Aller au-delà du constat

« Sommes-nous des citoyens de ce pays ? », demande l’essayiste. « Un pays est le reflet de l’idée que ses propres élites se font de lui, répond-il. C’est l’idée que tu te fais de ton pays qui va commander tes pensées, tes paroles et tes actions à son endroit. » Dans son livre, « Mémoires de Guerre », Charles de Gaulle a écrit : « Toute ma vie , je me suis fait une certaine idée de la France. Le sentiment me l’inspire aussi bien que la raison. » Et toi quelle idée te fais-tu de ton pays ? T’en fais-tu l’idée d’un pays foutu ? D’un pays sans avenir ? D’un pays à fuir ? D’un pays qui ne peut vivre que de l’aide internationale ? »

L’auteur se pose la question de la compatibilité de nos habitudes avec le développement. L’ancien ministre fait appel à ses expériences dans les méandres de l’administration et de ses observations pour y répondre. Ça sent le souffle tout chaud de l’ancien diplomate avec des codes, des principes et des rituels qui peuvent apparaître surannés aux yeux de certains par les temps qui courent où les valeurs sont reléguées en arrière-plan.

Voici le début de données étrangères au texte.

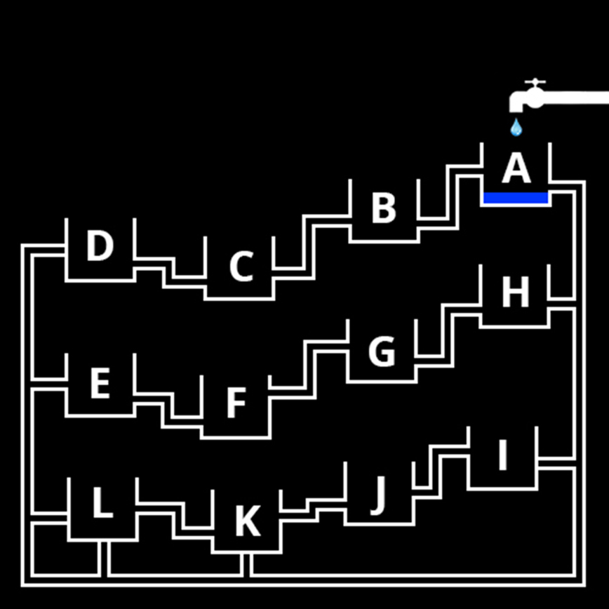 Πρώτα από όλες θα γεμίσει η δεξαμενή F. Αυτό συμβαίνει γιατί τα δοχεία L, K, J και I είναι μπλοκαρισμένα, συνεπώς νερό δεν περνάει από εκεί! Επομένως το νερό περνάει στο επόμενο επίπεδο στο οποίο η πιο χαμηλή δεξαμενή -και αυτή που θα γεμίσει πρώτη- είναι η F.
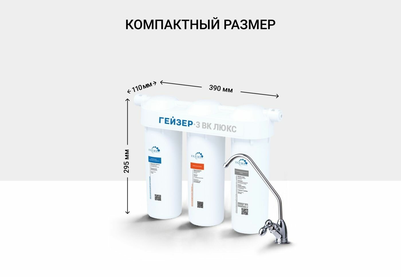 Фильтр для чистой воды Гейзер-3 ВК Люкс для жесткой воды разработан для регионов со средним уровнем минерализации (жесткая вода).
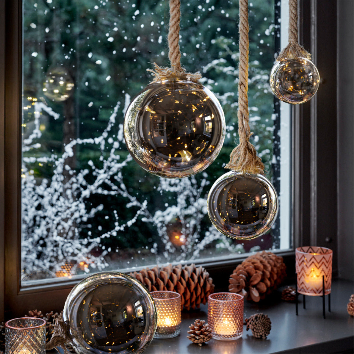Verlichte kerstbal van glas aan een touw van 100 cm. Gemaakt van glas en gehuld in een zilveren glans, voegt deze prachtige bal een vleugje glamour toe aan je feestelijke decor. Met 30 warm witte LED lampjes, en een diameter van 14 cm, brengt deze bal een zachte en uitnodigende gloed in je interieur. Met een steady functie en een timer van 6 uur kun je de verlichting eenvoudig aanpassen aan je behoeften. De IP-20 classificatie maakt deze kerstbal geschikt voor gebruik binnenshuis, en het zilveren kabelontwerp voegt een extra vleugje elegantie toe. Met een werktijd van 72 uur op 3 AA batterijen (niet inbegrepen) kun je langdurig genieten van de betoverende verlichting van deze kerstbal. Hang hem eenvoudig op aan het touw en geniet van de magische ambiance die hij geeft.
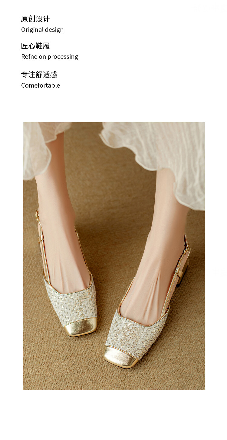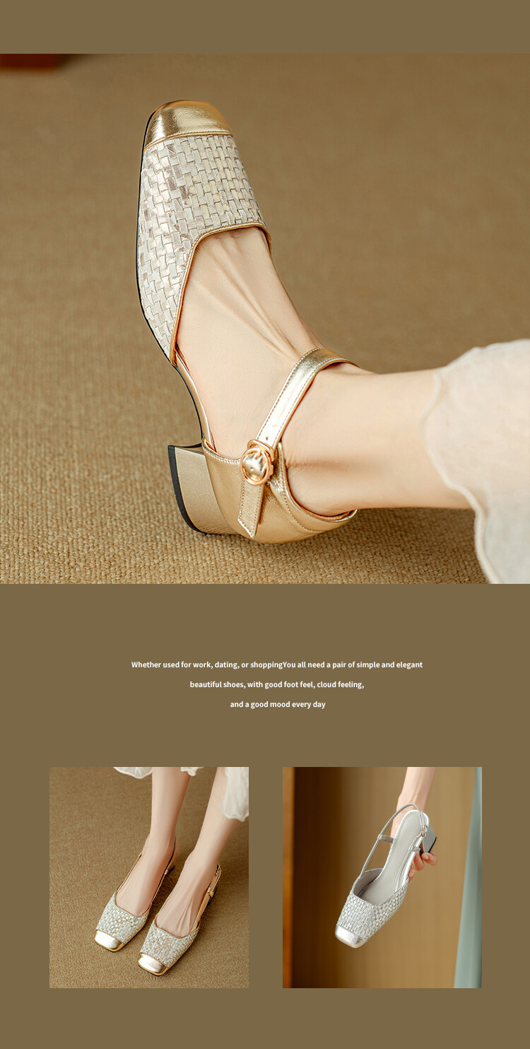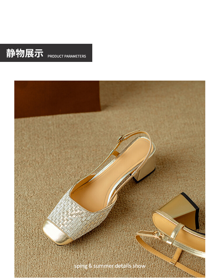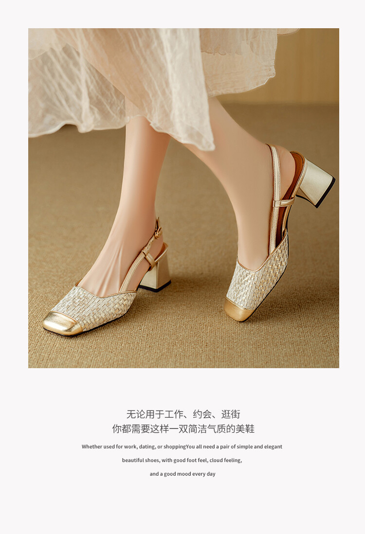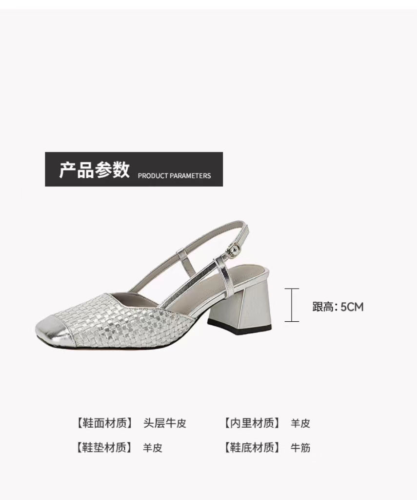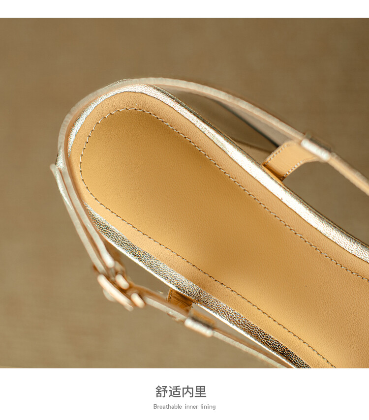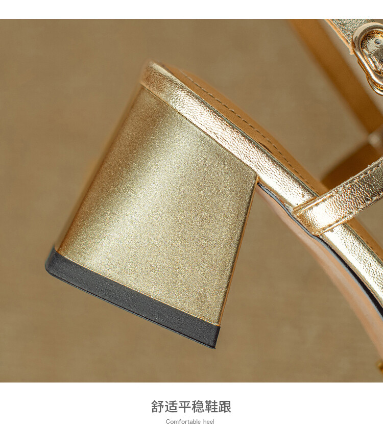 【预售5天】2024夏季牛皮金银色高跟鞋一字扣带粗跟包头后空凉鞋NJMK&K976
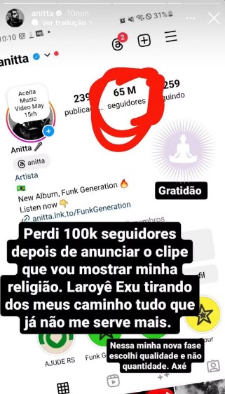 “Perdi 100k seguidores depois de anunciar o clipe que vou mostrar minha religião. Laroyê Exu tirando dos meus caminhos tudo que já não me serve mais. Nessa minha nova fase escolhi qualidade e não quantidade. Axé”, escreveu a cantora nos stories.
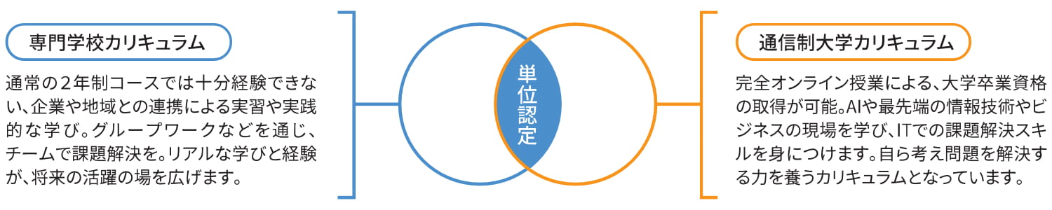 専⾨学校の必修単位のうち1/3程度を⼤学単位で補える!通常、専⾨学校4年+⼤学4年=8年かけて学ぶカリキュラムを4年間で履修可能に!
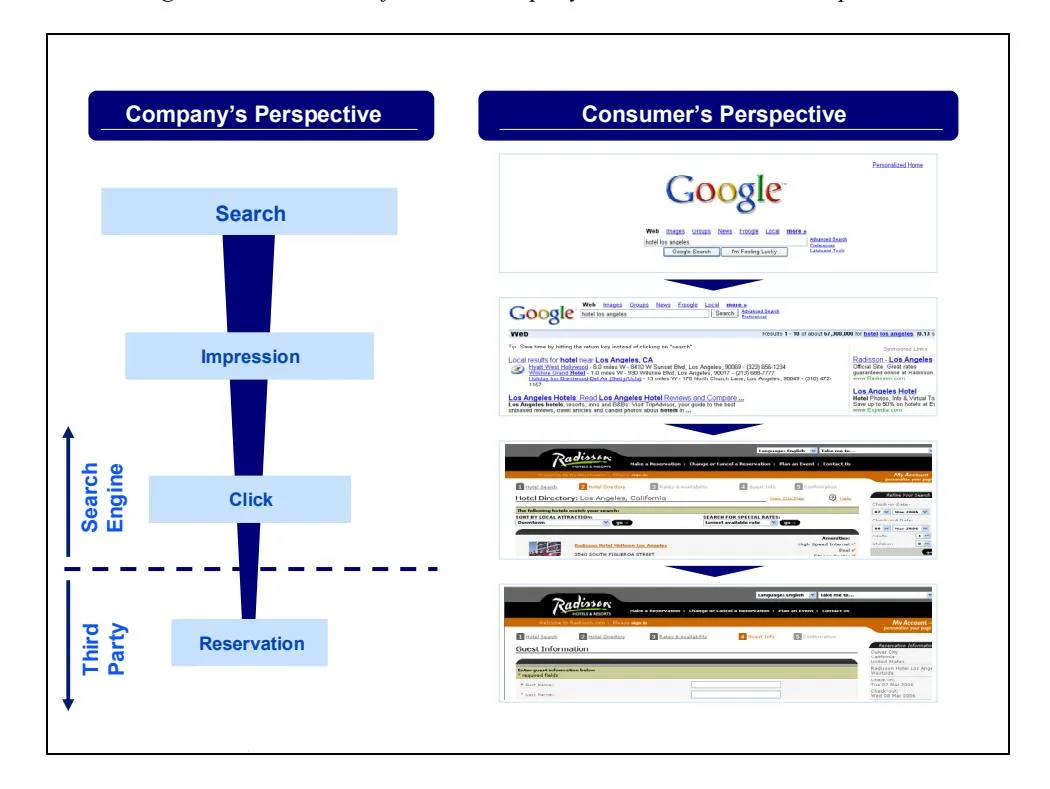 Section titled “Paid Search Advertising”How does paid search work from a company and consumer perspective? Consider the following scenario: a consumer searches using the keyword “Hotels LAX”. A company had previously selected this keyword and created a text ad. The search results page will display non-sponsored (so called organic) and sponsored search results, including the ad of the company (depending on the bid). From the company’s perspective, one impression has been generated which is attributed to the keyword “Hotels LAX”. Imagine the consumer likes the company’s text ad and decides to click on it. He is transferred to the landing page on the company’s website and the keyword “Hotels LAX” has now generated a click. The consumer then decides whether to reserve a hotel room. If he does so, the keyword “Hotels LAX” becomes associated with a reservation from the company’s perspective (see Figure 3).
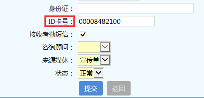 a.学员刷卡考勤:首先给学员设置ID卡号,一个学号对应一个卡号,新生可在报名时即在其基本信息里输入ID卡号,对于报名时未绑定ID卡号学员,请打开【教务】→【学员管理】→【学员列表】找到此学员→编辑基本信息,录入ID卡号。ID读卡器是即插即用的,直接把光标点在“ID卡号”文本框里,直接刷卡就可以输入卡号了。
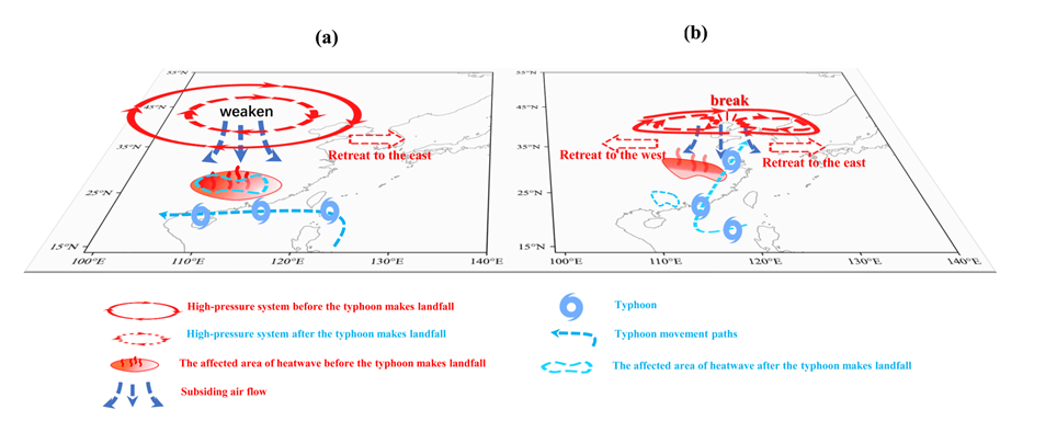 研究团队客观地追踪了1979—2022年中国夏季时空连续高温事件的三维演变,并深入研究了热浪的强度、持续时间和影响面积等特征。研究发现,与向西移动台风相关的热浪大多持续时间长、影响范围大,而与向东北移动台风相关的热浪则持续时间短、强度低、影响范围小。结果表明,高压系统通过增强地表加热和下沉增温影响区域热浪的触发和维持,而台风路径则可以调节区域热浪的消退。受强大内陆高压系统南侧东风气流引导而向西移动的台风,可以使高压系统缓慢向东撤退。这种相互作用导致区域热浪持续时间长、受影响范围大。相比之下,向东北方向移动的台风会迅速切断较弱的内陆高压系统,随后分裂的高压系统反过来又促进了台风的东北向移动,从而导致区域热浪强度低、持续时间短、受影响范围小。该研究工作系统地揭示了内陆高压系统与台风路径之间的相互作用,为提高时空连续高温热浪三维演变的预警和预测能力提供了新的视角。
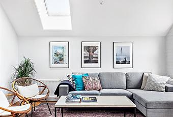Este ático de 65 m² está en el centro de Estocolmo, una gran ciudad, pero si nos fijásemos sólo en la decoración y el estilo, a primera vista, no sabríamos con certeza ni donde ubicarlo, ni decir qué tipo de vivienda es.
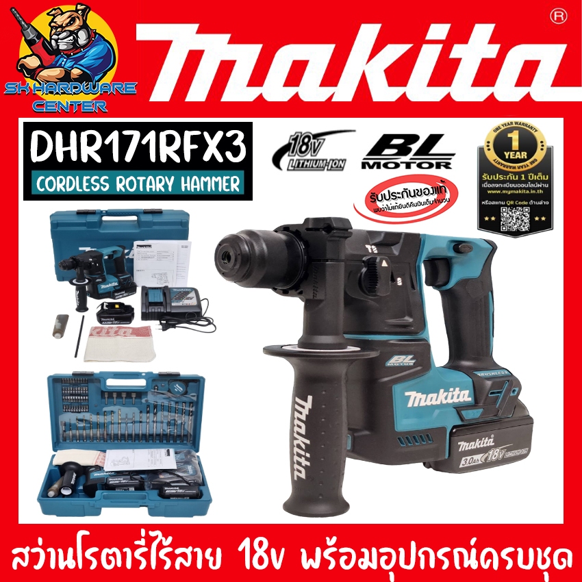 สว่านโรตารี่ไร้สาย 18v Brushless Motor ขนาด 17 มม. (11/16 นิ้ว) ยี่ห้อ MAKITA รุ่น DHR171RFX3
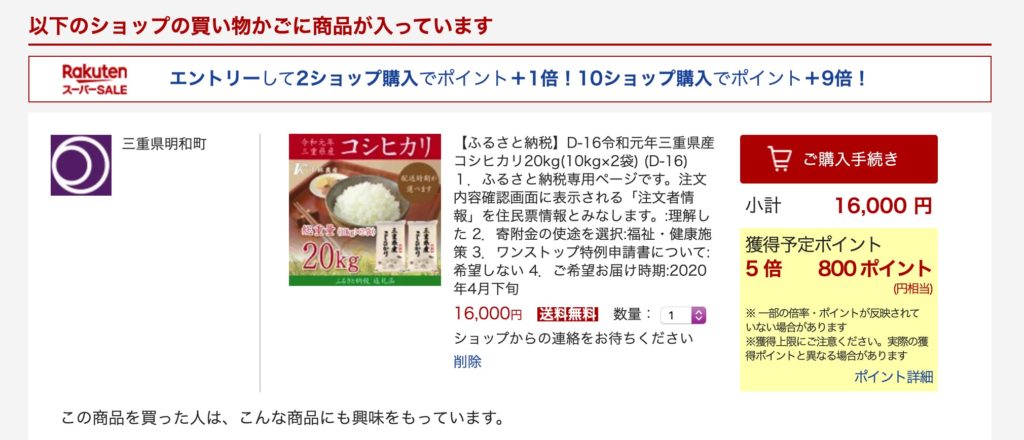 ここまでの内容で楽天ふるさと納税を利用した寄付は完了しています。
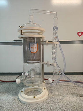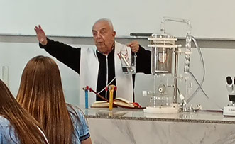 Durante una práctica el Padre bendijo al nuevo destilador - extractor de aceites esenciales y la lupa estereoscópica binocular recientemente adquiridos para llevar adelante nuevos proyectos en el área de Ciencias Exactas y Naturales.
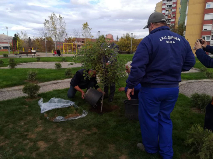 Тие информираат дека уредувањето на паркот кај Комплекс згради „УЗУС“ е согласно Програмата за нови зелени површини на Општина Велес за 2019 година.
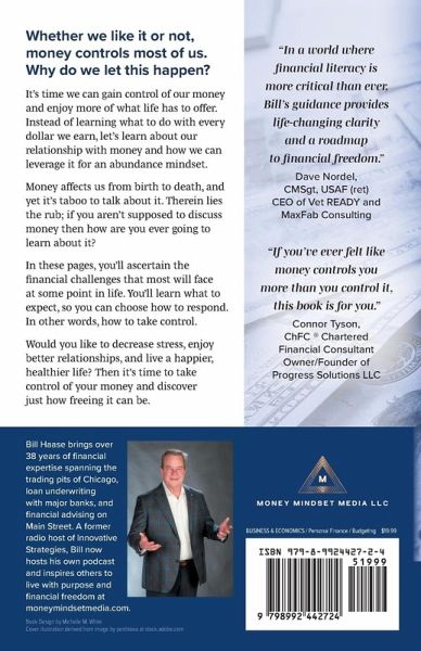 Whether we like it or not, money controls most of us. Why do we let this happen? It's time we can gain control of our money and enjoy more of what life has to offer. Instead of learning what to do with every dollar we earn, let's learn about our relationship with money and how we can leverage it for an abundance mindset. Money affects us from birth to death, and yet it's taboo to talk about it. Therein lies the rub; if you aren't supposed to discuss money then how are you ever going to learn about it? In these pages, you'll ascertain the financial challenges that most will face at some point in life. You'll learn what to expect, so you can choose how to respond. In other words, how to take control. Would you like to decrease stress, enjoy better relationships, and live a happier, healthier life? Then it's time to take control of your money and discover just how freeing it can be.
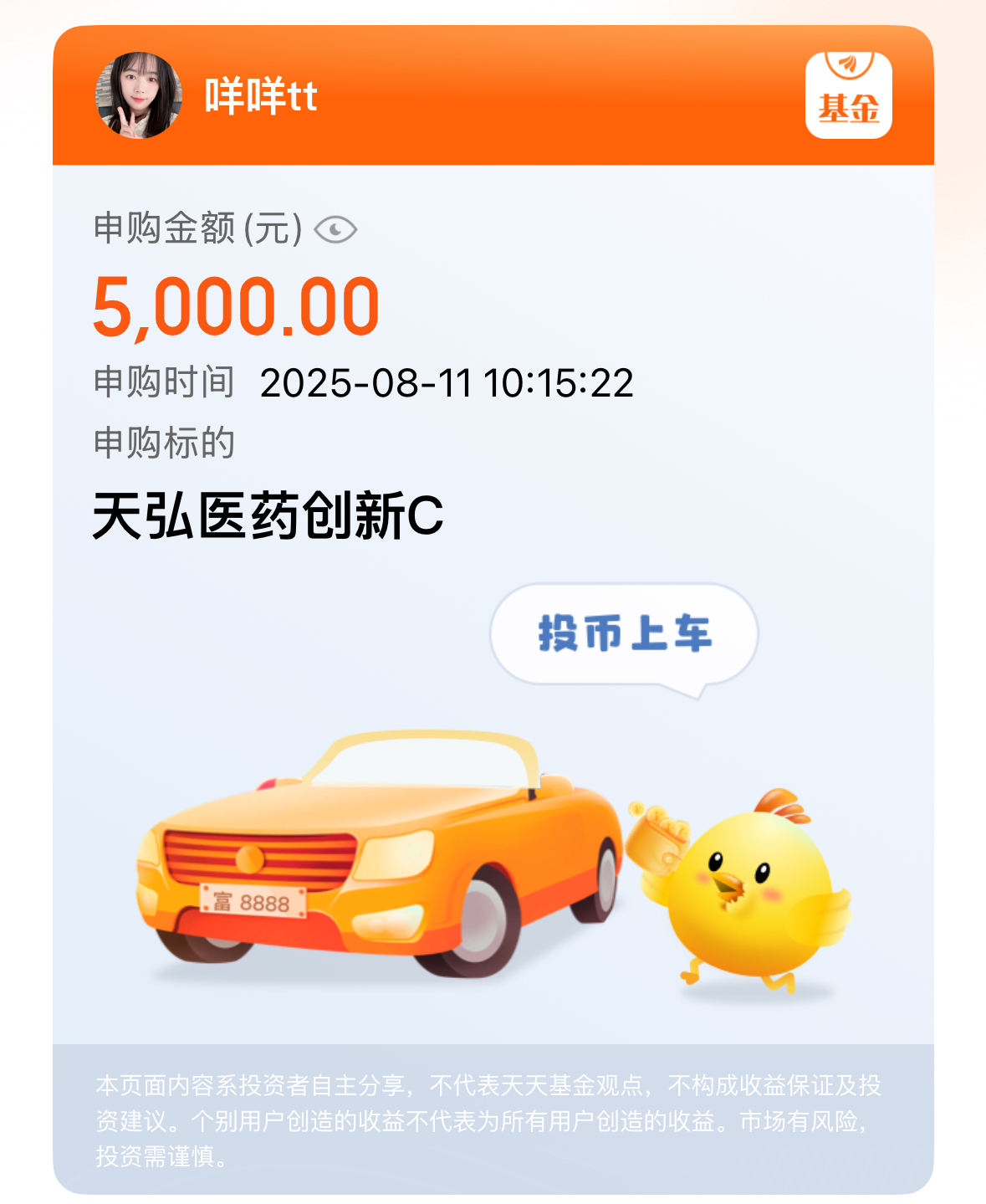 我加5000元 $天弘医药创新C(OTCFUND|010655)$
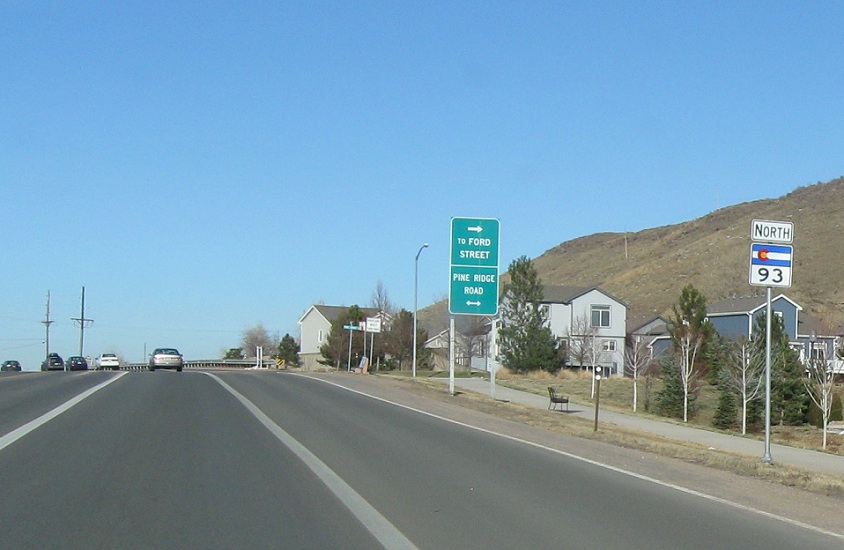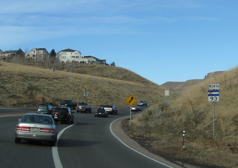Reassurance shield at the beginning of SH-93. 93 is an underbuilt road that serves traffic heading from Golden to Boulder- all the cars in front of me will soon be on a two lane undivided highway
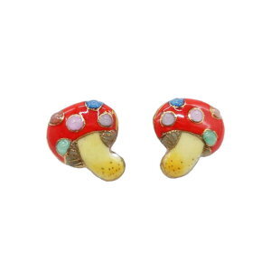 【UncleZ】七宝焼き ピアス <サイズ> 約2cm×2cm、重さ:1つあたり約4g <素材>銅板・七宝釉薬・ガラス粒子・金液 日本製 **七宝焼ならではの色とつや!個性的なきのこピアス** 鮮やかでポップな色合いのきのこを...

Dans les commandements 124 et 125 du chapitre XI consacrée à « l’exactitude dans les rendez-vous », l’ancien diplomate parle avec sévérité de cette manie haïtienne de ne pas respecter l’heure et d’arriver toujours en retard. Ce qui confine à quelque chose de pathologique, voire même suicidaire, quand il s’agit de rendez-vous officiels importants.

Dans le registre du droit, si toutes les innovations juridiques mises au point ne sont pas appliquées, elles ne servent à rien. En même temps, pour Dorléan, les règles sont utiles quand elles nous permettent « de vivre dignement, de développer vos facultés et votre intelligence, de satisfaire vos aspirations, de participer aux affaires de la communauté, de poursuivre votre bonheur et de travailler au développement de votre pays ».

La hiérarchisation des priorités occupe une place centrale dans ce livre. Comme Demesvar Delorme ou encore le flamboyant patriote Louis-Joseph Janvier, deux diplomates écrivains, qui s’occupaient de développement, Dorléan en fait sa préoccupation, même s’il reste au niveau des analyses de notre comportement anti-développement. Par exemple, l’idée négative dont on se fait de notre pays ? « Quelle idée te fais-tu de ton pays ? Les mots les plus courants que tu prononces sont : un pays poubelle, un pays jungle, un pays à environnement dégradé, un pays humilié. » Histoire de dire qu’on devra aller au-delà de notre constat et changer les choses.

Venant de la plume d’un ancien fonctionnaire de la République, c’est étonnant, mais aussi encourageant. Une telle publication vaut de l’or, car la jeunesse haïtienne a aujourd’hui plus que jamais besoin de repères pour ne pas sombrer dans le désespoir.